**TASK REQUIREMENTS:**
Copy the data that follows, character for character, minus the pictures.

**DATA PROVIDED:**
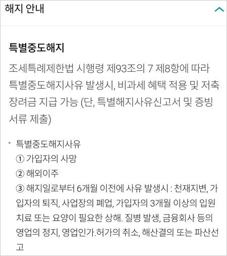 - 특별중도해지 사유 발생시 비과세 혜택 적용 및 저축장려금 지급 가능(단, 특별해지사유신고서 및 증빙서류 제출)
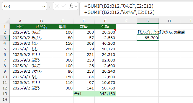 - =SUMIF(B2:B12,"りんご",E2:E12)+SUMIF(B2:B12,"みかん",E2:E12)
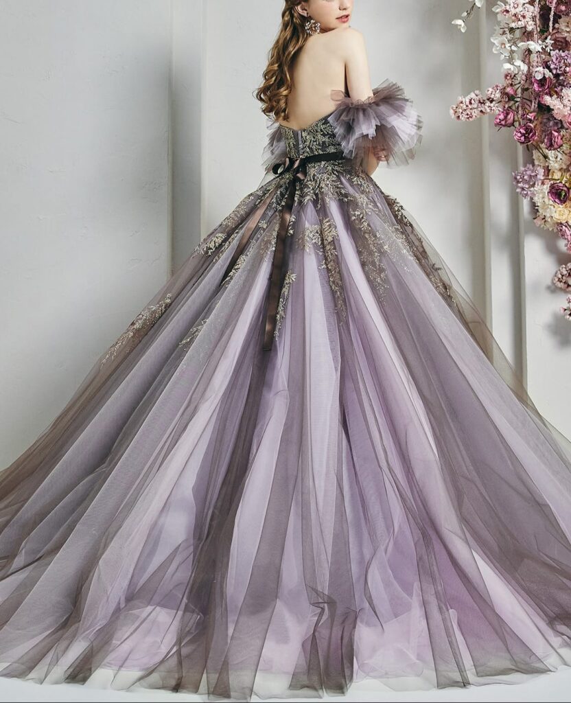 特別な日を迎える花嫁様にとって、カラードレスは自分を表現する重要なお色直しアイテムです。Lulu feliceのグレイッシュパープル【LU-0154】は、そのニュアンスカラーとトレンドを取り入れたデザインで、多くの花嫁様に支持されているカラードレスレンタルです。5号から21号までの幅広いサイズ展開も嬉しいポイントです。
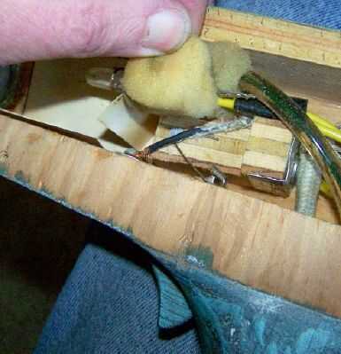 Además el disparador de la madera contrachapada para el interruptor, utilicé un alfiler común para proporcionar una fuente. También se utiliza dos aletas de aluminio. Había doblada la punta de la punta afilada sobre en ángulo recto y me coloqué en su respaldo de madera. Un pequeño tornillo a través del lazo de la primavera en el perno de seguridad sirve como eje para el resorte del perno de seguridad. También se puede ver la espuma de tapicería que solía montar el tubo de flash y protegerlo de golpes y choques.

**THE COMPLETED TASK:**
 - 특별중도해지 사유 발생시 비과세 혜택 적용 및 저축장려금 지급 가능(단, 특별해지사유신고서 및 증빙서류 제출)
 - =SUMIF(B2:B12,"りんご",E2:E12)+SUMIF(B2:B12,"みかん",E2:E12)
 特別な日を迎える花嫁様にとって、カラードレスは自分を表現する重要なお色直しアイテムです。Lulu feliceのグレイッシュパープル【LU-0154】は、そのニュアンスカラーとトレンドを取り入れたデザインで、多くの花嫁様に支持されているカラードレスレンタルです。5号から21号までの幅広いサイズ展開も嬉しいポイントです。
 Además el disparador de la madera contrachapada para el interruptor, utilicé un alfiler común para proporcionar una fuente. También se utiliza dos aletas de aluminio. Había doblada la punta de la punta afilada sobre en ángulo recto y me coloqué en su respaldo de madera. Un pequeño tornillo a través del lazo de la primavera en el perno de seguridad sirve como eje para el resorte del perno de seguridad. También se puede ver la espuma de tapicería que solía montar el tubo de flash y protegerlo de golpes y choques.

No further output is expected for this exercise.